INFORMATION SUPPLIED START
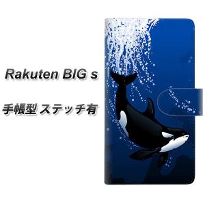 ラクテン ビッグ エス 手帳型 スマホケース 【ステッチタイプ】 423 シャチ UV印刷 横開き
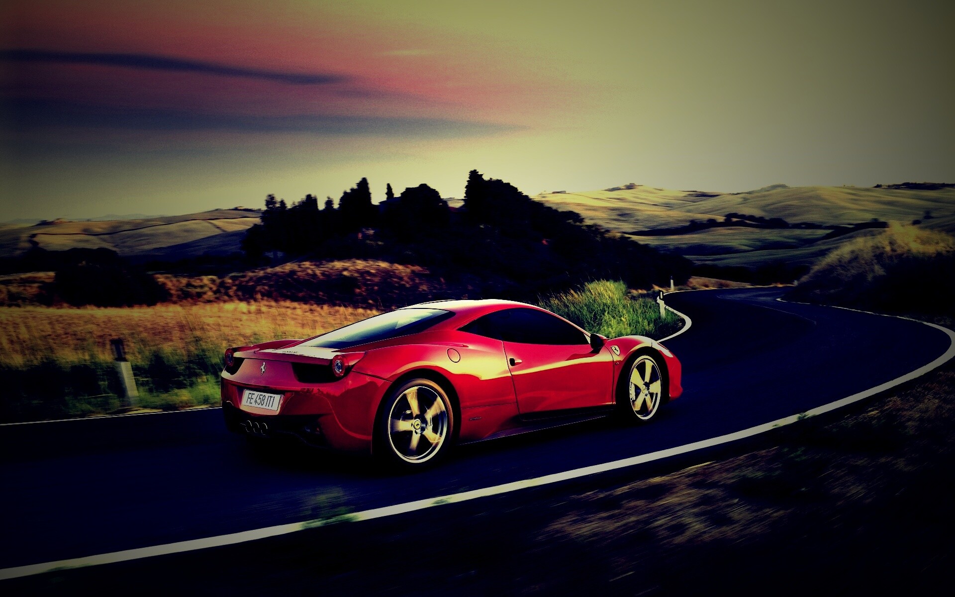 «Красная феррари на извилистой дороге»
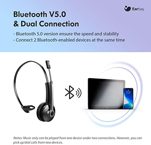 【Bluetooth V5.0 & Dual Connection】: The latest Bluetooth 5.0 technology makes this wireless headset with mic transmit stable signal more quickly and lower power waste. It can pair with 2 Bluetooth-enabled devices at the same time, Switch between chat, Skype, Zoom meetings and music freely.
INFORMATION SUPPLIED END
§ TO DO
The whole listing above must be duplicated word for word, apart from its pictures.

§ TASK RESULT
 ラクテン ビッグ エス 手帳型 スマホケース 【ステッチタイプ】 423 シャチ UV印刷 横開き
 «Красная феррари на извилистой дороге»
 【Bluetooth V5.0 & Dual Connection】: The latest Bluetooth 5.0 technology makes this wireless headset with mic transmit stable signal more quickly and lower power waste. It can pair with 2 Bluetooth-enabled devices at the same time, Switch between chat, Skype, Zoom meetings and music freely.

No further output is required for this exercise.